Russian military specialists arrived in Syria on Thursday to demine ancient sites in the city of Palmyra, recently liberated from the terrorist group Islamic State, Russian state news agency TASS reported.

"According to preliminary estimates, more than 180 hectares of the city's historical and residential areas will have to be demined," said General Sergei Rudskoi, head of the Russian military's Main Operations Directorate.

The specialists from the military's international anti-landmine centre arrived in Russia's Humaymim airbase on the north-west Syrian coast and will travel another 340 kilometres to the central city of Palmyra, TASS reported.

The specialists are equipped with advanced landmine-detection machinery, sniffer dogs and robots, TASS reported. Palmyra, built on an oasis, is a UNESCO World Heritage Site with monuments thousands of years old.
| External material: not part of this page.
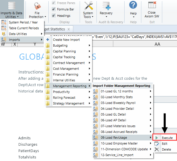In the Admin ribbon tab, click Imports & Data Utilities > Imports > Management Reporting > 09-Load RevUsage > Execute.

Russian President Vladimir Putin received the permission of UNESCO's head Irina Bokova, as well as Syrian President Bashar al-Assad, in phone calls on Tuesday to conduct demining operations at the city's ancient sites.

Last week, Russia's military helped Syrian state forces liberate the city from the terrorist group Islamic State, which had occupied it for almost a year and blown up many monuments pre-dating the Muslim prophet Mohammed.
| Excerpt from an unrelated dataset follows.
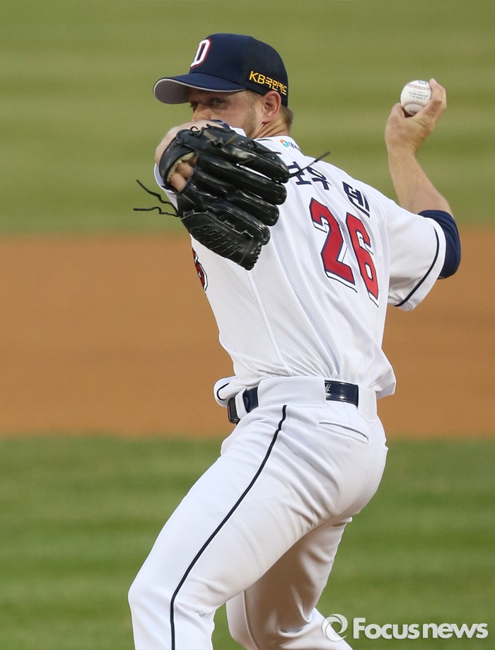 (서울=포커스뉴스) 6일 서울 잠실구장에서 열린 2016 프로야구 NC-두산 경기에서 1회초 두산 선발투수 보우덴이 투구하고 있다.

Syria's Directorate-General of Antiquities and Museums is optimistic that the destroyed ancient sites, which include the temples of Bel and Baal-Shamin, can be rebuilt within five years.

"More than 80 per cent of the antiquities in the territory of the museum preserve have survived and are in a satisfactory condition," the directorate said in comments carried by TASS on Tuesday.
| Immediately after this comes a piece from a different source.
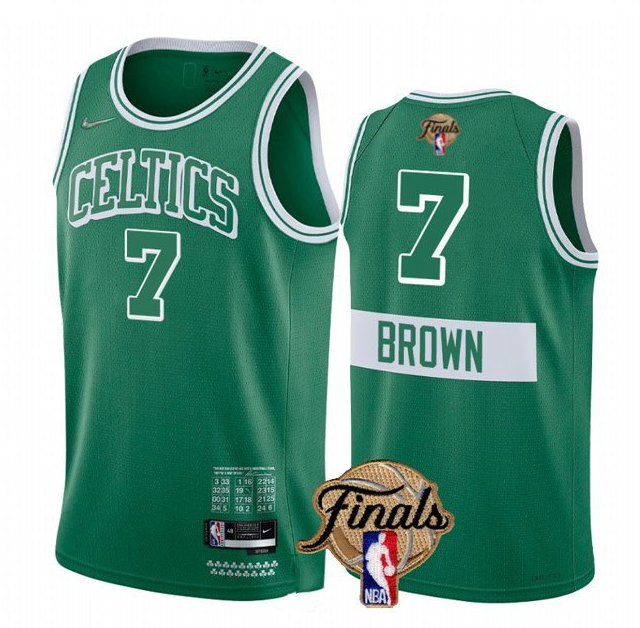 Men's Boston Celtics #7 Jaylen Brown 2022 Green NBA Finals Stitched Jersey

Russia's prestigious Hermitage Museum in St Petersburg, which has a sizable collection of artefacts from Palmyra, has offered to help restore the city's ancient sites.

Specialists from the museum will compile research materials necessary for the reconstruction, as "the museum's assistance is especially important in the preliminary stage of assessment," the museum said in an email to dpa.

Russia began a bombing campaign against insurgents in Syria last year to support al-Assad, a longtime ally, and restore some stability to the country. With Russia's support, al-Assad's military has regained significant territory.

The Syrian conflict, which began in 2011 with a government crackdown on a protest movement against al-Assad, has claimed the lives of at least 250,000 people, according to August 2015 estimates by the United Nations.